Contract crushing revenue is expected to be largely stable and material mobile concrete opportunities in the renewables sector remain (more a 2H22 benefit, if secured).
The EFC investment process is progressing, with the first phase completed and WGN moving to the second phase (formal IM released) in coming weeks. No specific timeline on a potential transaction has been provided.
We continue to see the ability to secure third party investment as an important catalyst to both crystalise an initial valuation for the business and help accelerate the product’s commercialisation.
Regardless of the outcome, WGN will materially step-up its level of investment in EFC in FY22 (EBIT loss to increase to ~A$4m from A$2m) to support its long-term growth ambitions.
Construction of the Texas CFT manufacturing is underway and targeting completion in Oct/Nov-21. Positively, WGN has secured initial US orders (cA$3m) which it will complete over the coming 12 months. We expect an increased investment in opex will be needed to support the ramp up of the US facility, which will likely limit the extent of CFT EBIT growth in FY22.
However, increased ANZ pedestrian infrastructure and road bridge sales are expected and the crossarm business should benefit from 12 months of its automation line (margin accretion).
We have reviewed a number of our assumptions and adjusted our forecasts for AASB16 (MorgansE material NPAT hit of A$2.2m in isolation). Our FY22 EBIT forecast has fallen 7% to A$24.7m and FY23 EBIT has increased 1% to A$27.8m.
While we have increased our FY22/23 CMS forecasts, the larger than expected investments across EFC and CFT (US start-up costs) are the key drivers of our forecast for a modest reduction in FY22 EBIT (2.9% yoy).

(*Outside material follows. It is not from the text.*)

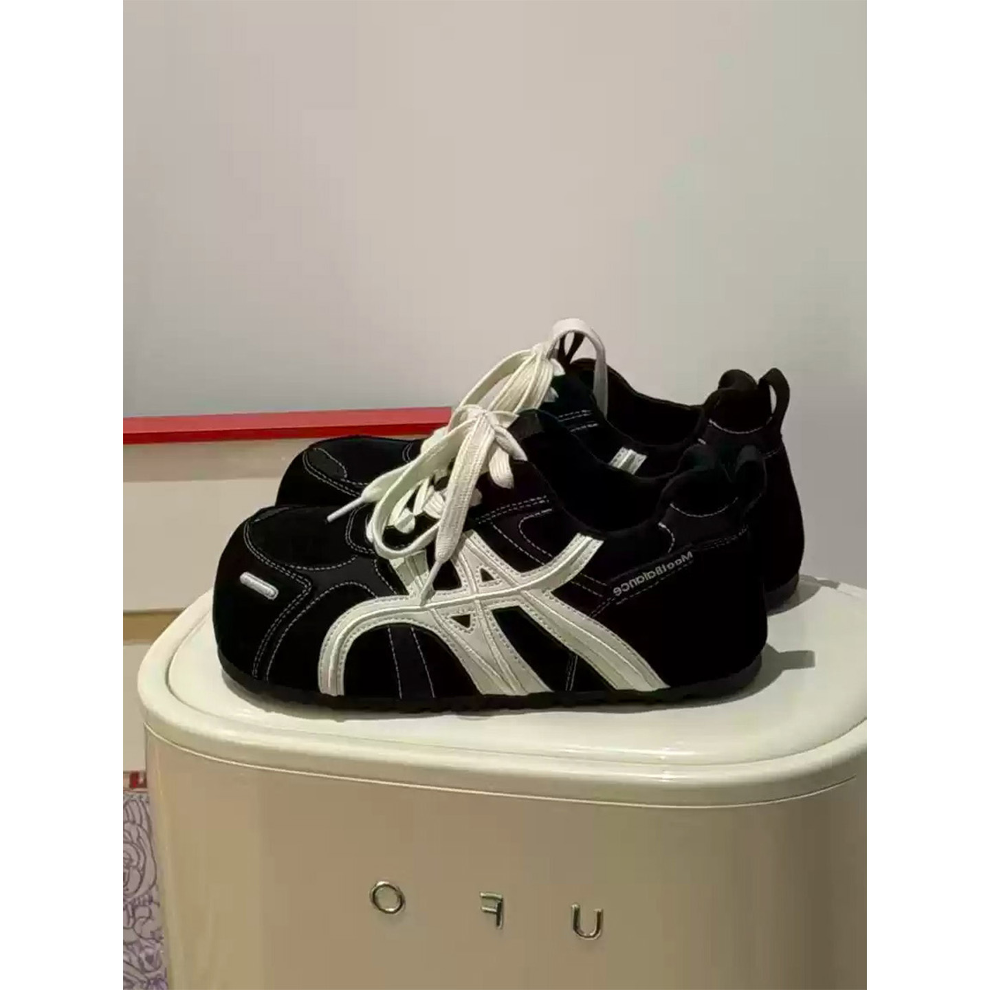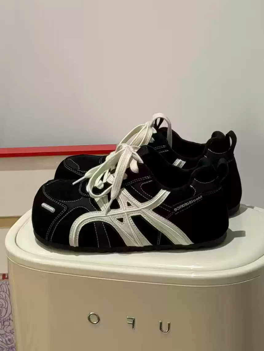 丑萌复古显脚小泡芙德训鞋女2025秋冬新款内增高休闲圆头面包板鞋

We note our forecasts could prove conservative in the event new, material haulage/crushing contracts are secured, concrete prices strengthen more than anticipated or new concrete project works are secured.
Investment view: maintain Add rating
WGN’s core CMS business remains well placed to benefit from an ongoing cyclical recover in construction markets. While the planned investment in EFC and CFT will weigh on near-term earnings growth, these are important long-term growth drivers for the business.
Importantly, the balance sheet is in a strengthened position to support this investment. We continue to view the EFC external investment process as an important catalyst for the stock. Add maintained.